MAX_CONCURRENT_SESSIONS = 3 # Workstation limit
SESSION_TIMEOUT_MINUTES = 60 # Auto-cleanup after 1 hour
CONTAINER_MEMORY_LIMIT = "4g"
CONTAINER_CPU_QUOTA = 100000 # 1 CPU core
class SessionData(BaseModel):
session_id: str
container_name: str
container_id: Optional[str] = None
host_dir: str
port: Optional[int] = None
created_at: datetime
last_accessed: datetime
status: str = "creating" # creating, running, stopped, error
class SessionManager:
def __init__(self):
# Use TLS certificates for secure Docker communication
tls_config = docker.tls.TLSConfig(
client_cert=("/certs/client/cert.pem", "/certs/client/key.pem"),
ca_cert="/certs/client/ca.pem",
verify=True,
)
self.docker_client = docker.DockerClient(
base_url=os.getenv("DOCKER_HOST", "tcp://docker-daemon:2376"),
tls=tls_config,
)
self.sessions: Dict[str, SessionData] = {}
self._load_sessions()
def _load_sessions(self):
"""Load session data from persistent storage"""

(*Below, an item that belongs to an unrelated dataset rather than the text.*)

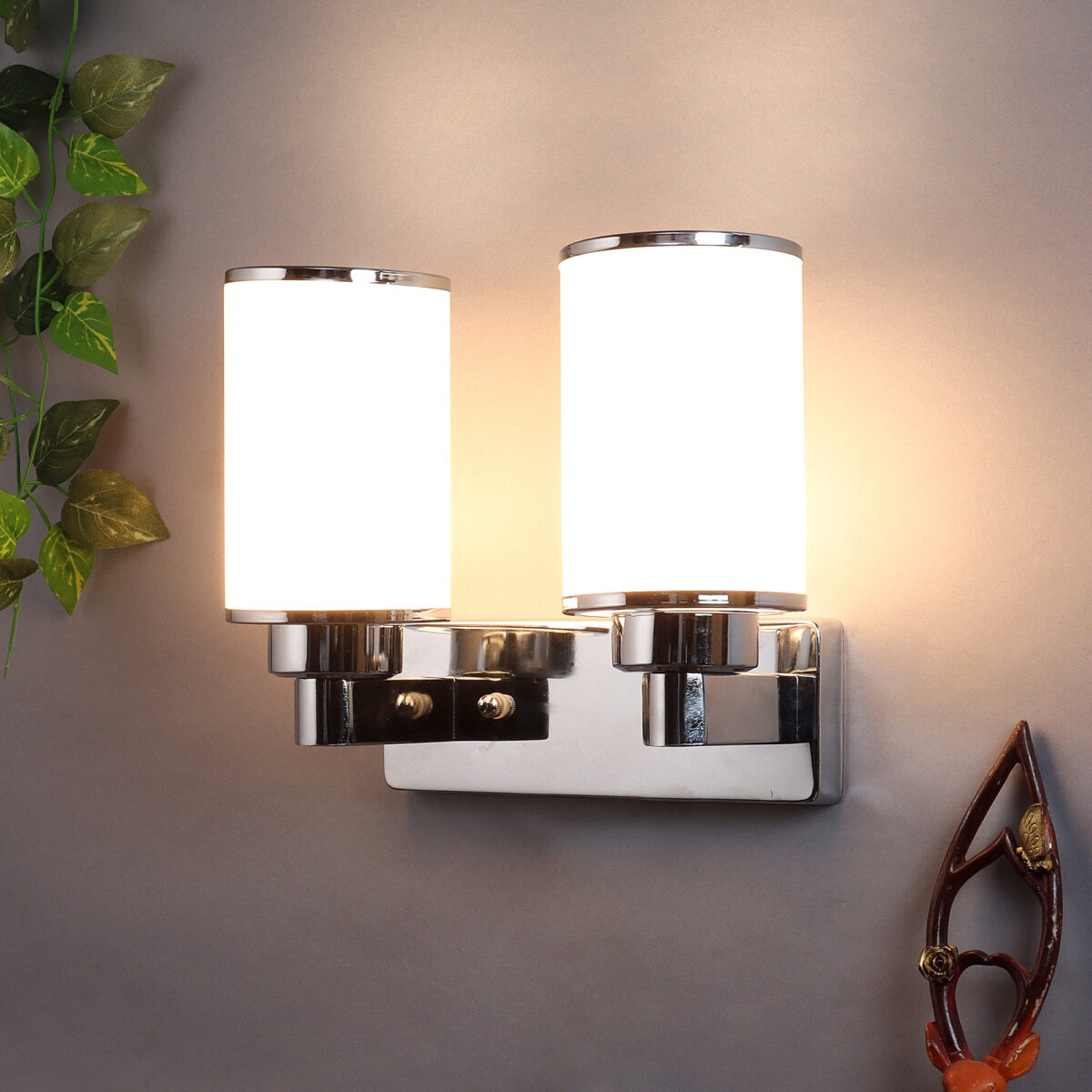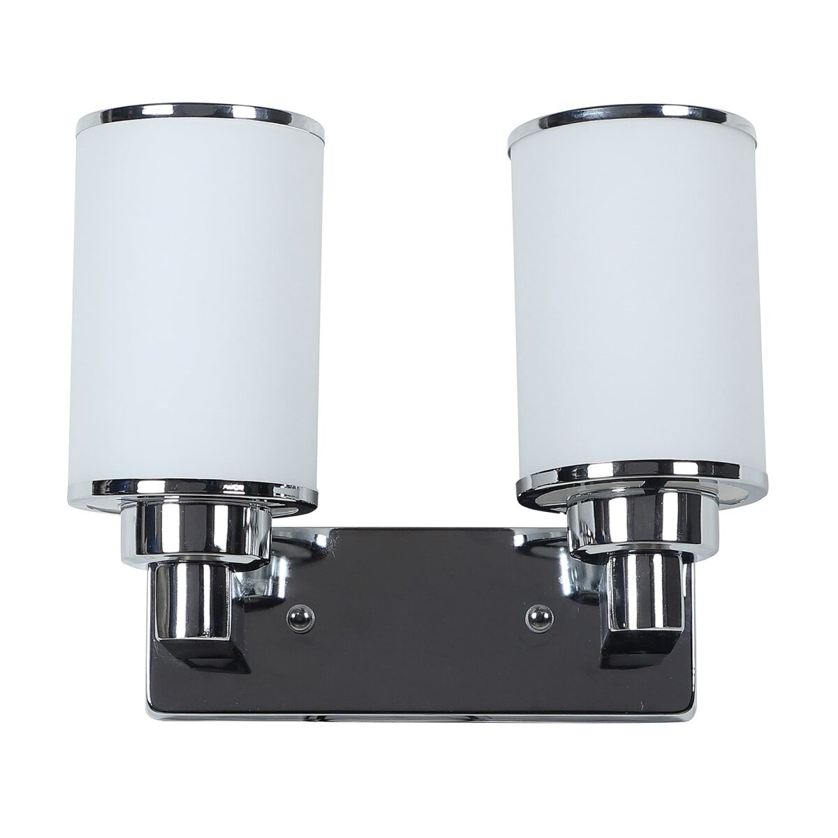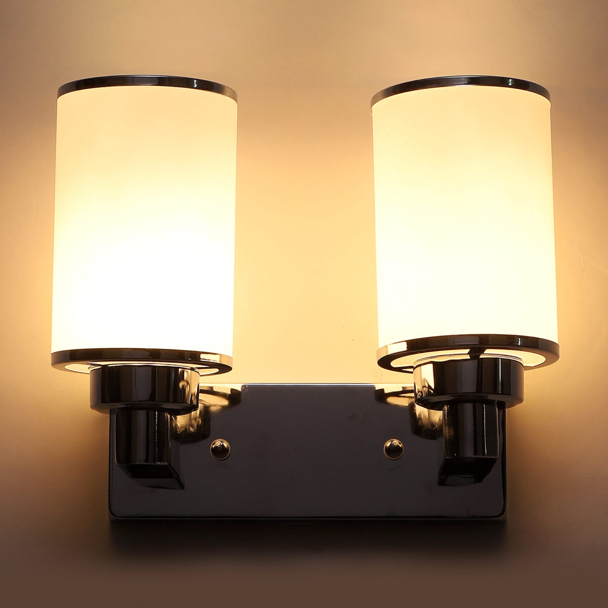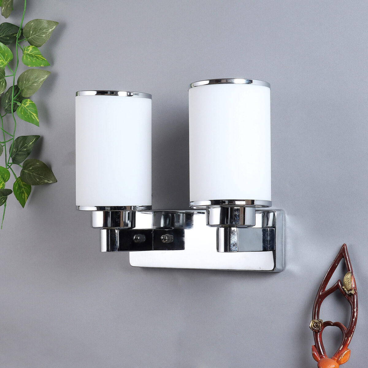 Modern silver (chrome) double wall light made of mild steel, with big round cylindrical white glasses having chrome ring at both its edges. It is maintenance free, easy to remove glass and wash it, comes with an E27 holder, only the change of lamp is required, which is available locally everywhere. You can of course swap out the bulb for one that is dimmable, has a higher light output or a different colour temperature. Application includes both residential and commercial premises wherever it matches with your interiors. single wall light code – WL2355. Can be customized as per requirement in case of bulk quantities. Lamp not included.

if SESSIONS_FILE.exists():
try:
with open(SESSIONS_FILE, "r") as f:
data = json.load(f)
for session_id, session_dict in data.items():
# Convert datetime strings back to datetime objects
session_dict["created_at"] = datetime.fromisoformat(
session_dict["created_at"]
)
session_dict["last_accessed"] = datetime.fromisoformat(
session_dict["last_accessed"]
)
self.sessions[session_id] = SessionData(**session_dict)
except (json.JSONDecodeError, KeyError) as e:
print(f"Warning: Could not load sessions file: {e}")
self.sessions = {}
def _save_sessions(self):
"""Save session data to persistent storage"""
SESSIONS_DIR.mkdir(exist_ok=True)
data = {}
for session_id, session in self.sessions.items():
data[session_id] = session.dict()
with open(SESSIONS_FILE, "w") as f:
json.dump(data, f, indent=2, default=str)
def _generate_session_id(self) -> str:
"""Generate a unique session ID"""
return str(uuid.uuid4()).replace("-", "")[:16]
def _get_available_port(self) -> int:
"""Find an available port for the container"""
used_ports = {s.port for s in self.sessions.values() if s.port}
port = 8080
while port in used_ports:
port += 1
return port
def _check_container_limits(self) -> bool:
"""Check if we're within concurrent session limits"""
active_sessions = sum(
1 for s in self.sessions.values() if s.status in ["creating", "running"]
)
return active_sessions < MAX_CONCURRENT_SESSIONS
async def create_session(self) -> SessionData:
"""Create a new OpenCode session with dedicated container"""
if not self._check_container_limits():
raise HTTPException(
status_code=429,
detail=f"Maximum concurrent sessions ({MAX_CONCURRENT_SESSIONS}) reached",
)
session_id = self._generate_session_id()
container_name = f"opencode-{session_id}"
host_dir = str(SESSIONS_DIR / session_id)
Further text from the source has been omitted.